- Aim of the exercise -
Output the data word for word, dropping every image.

+++ Exercise data

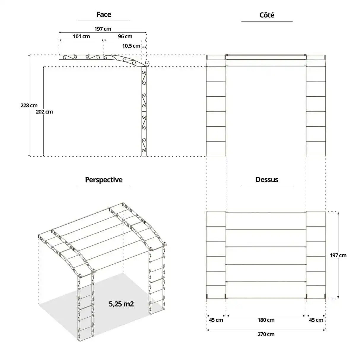 Pergola adossée en fer tres bon materiel ,solide ;elegant, nous sommes tres satisfaits
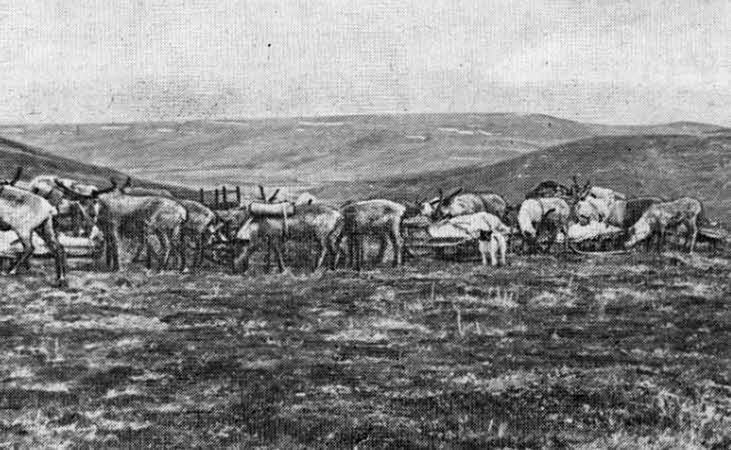 Рис. 14. Стоянка оленеводов. Жерди для чума срублены в южной лесотундре, лиственница для нарт — в северной тайге
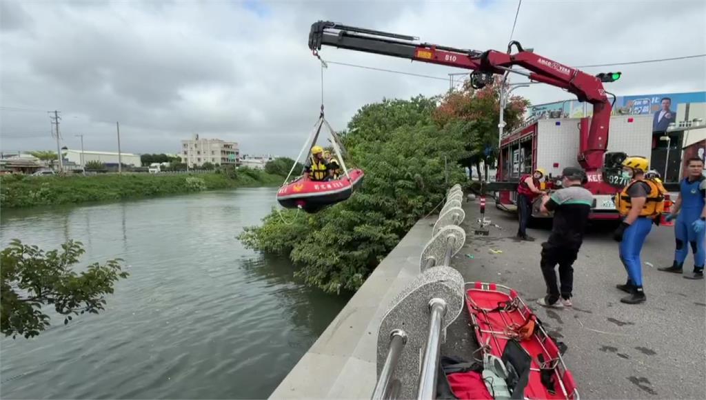 彰化婦人跌落大圳溝,丈夫下水救援卻雙雙溺水。圖/台視新聞 14:55更新彰化市環河街發生一起驚險的溺水意外!一名婦人不慎失足跌落一旁的洋厝排水圳溝,丈夫見狀立即跳下水搶救,卻在嘗試拉起妻子時雙雙溺水,目擊者見狀立刻報警。警消今(20)日上午9點43分接獲通報後,緊急調派各分隊前往救援,兩人被救起時已無生命徵象,緊急送醫搶救後婦人仍宣告不治,丈夫則恢復心跳,在加護病房搶救。據了解夫妻倆是騎車一前一後到達事發現場,詳細落水原因仍有待進一步調查。消防隊乘坐橡皮艇救援。圖/台視新聞責任編輯/網路中心
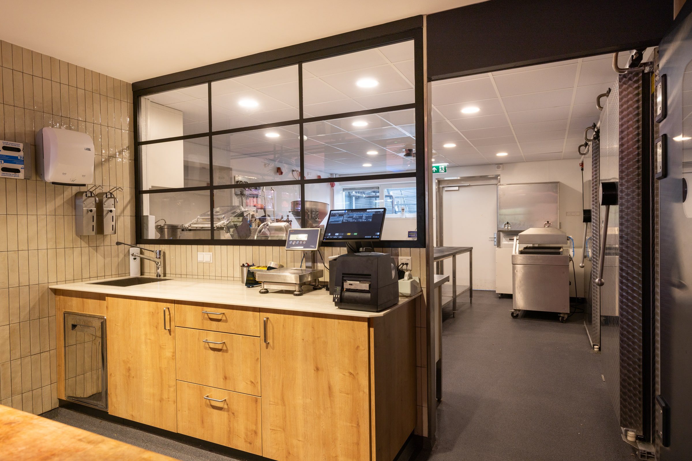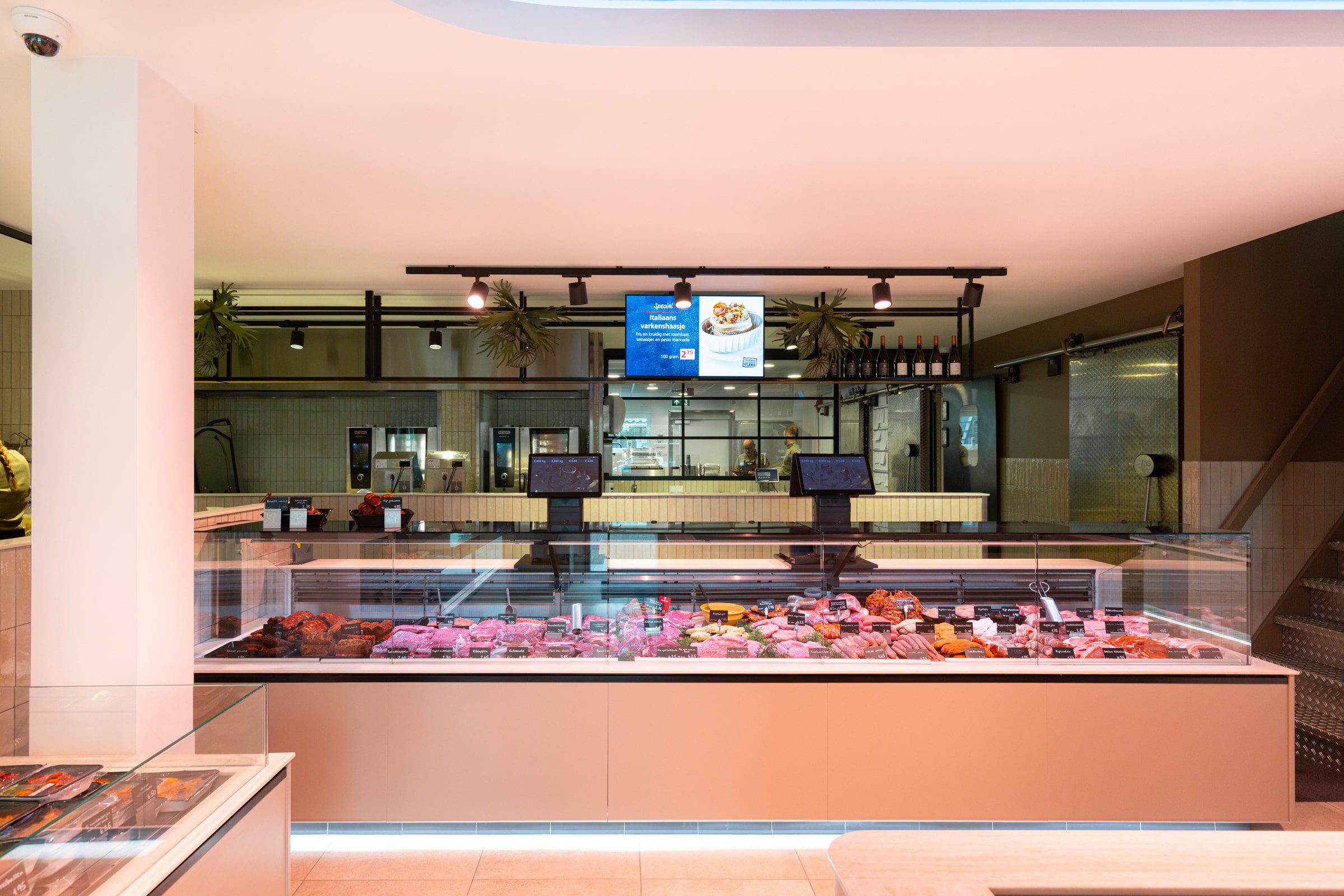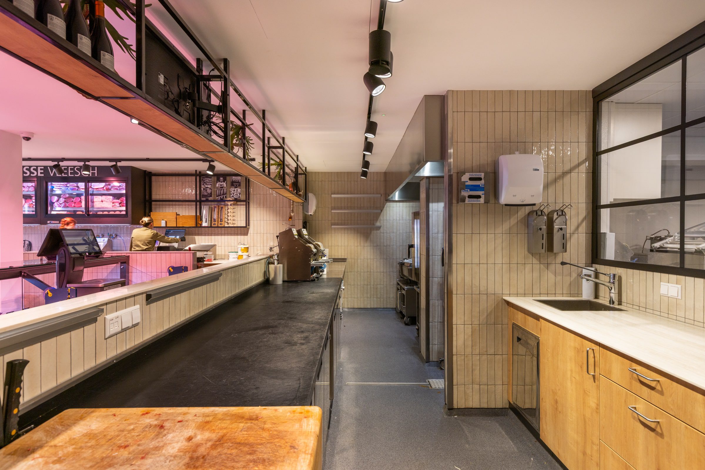 Wat deze slagerij extra bijzonder maakt? De open werkruimte. Klanten kijken zo de werkplaats in, waar het ambacht zichtbaar wordt gemaakt. Het juiste licht zorgt hier voor helderheid en hygiëne, terwijl het tegelijk het warme karakter van de winkel bewaart.

++++++

- Response for this exercise -
 Pergola adossée en fer tres bon materiel ,solide ;elegant, nous sommes tres satisfaits
 Рис. 14. Стоянка оленеводов. Жерди для чума срублены в южной лесотундре, лиственница для нарт — в северной тайге
 彰化婦人跌落大圳溝,丈夫下水救援卻雙雙溺水。圖/台視新聞 14:55更新彰化市環河街發生一起驚險的溺水意外!一名婦人不慎失足跌落一旁的洋厝排水圳溝,丈夫見狀立即跳下水搶救,卻在嘗試拉起妻子時雙雙溺水,目擊者見狀立刻報警。警消今(20)日上午9點43分接獲通報後,緊急調派各分隊前往救援,兩人被救起時已無生命徵象,緊急送醫搶救後婦人仍宣告不治,丈夫則恢復心跳,在加護病房搶救。據了解夫妻倆是騎車一前一後到達事發現場,詳細落水原因仍有待進一步調查。消防隊乘坐橡皮艇救援。圖/台視新聞責任編輯/網路中心
 Wat deze slagerij extra bijzonder maakt? De open werkruimte. Klanten kijken zo de werkplaats in, waar het ambacht zichtbaar wordt gemaakt. Het juiste licht zorgt hier voor helderheid en hygiëne, terwijl het tegelijk het warme karakter van de winkel bewaart.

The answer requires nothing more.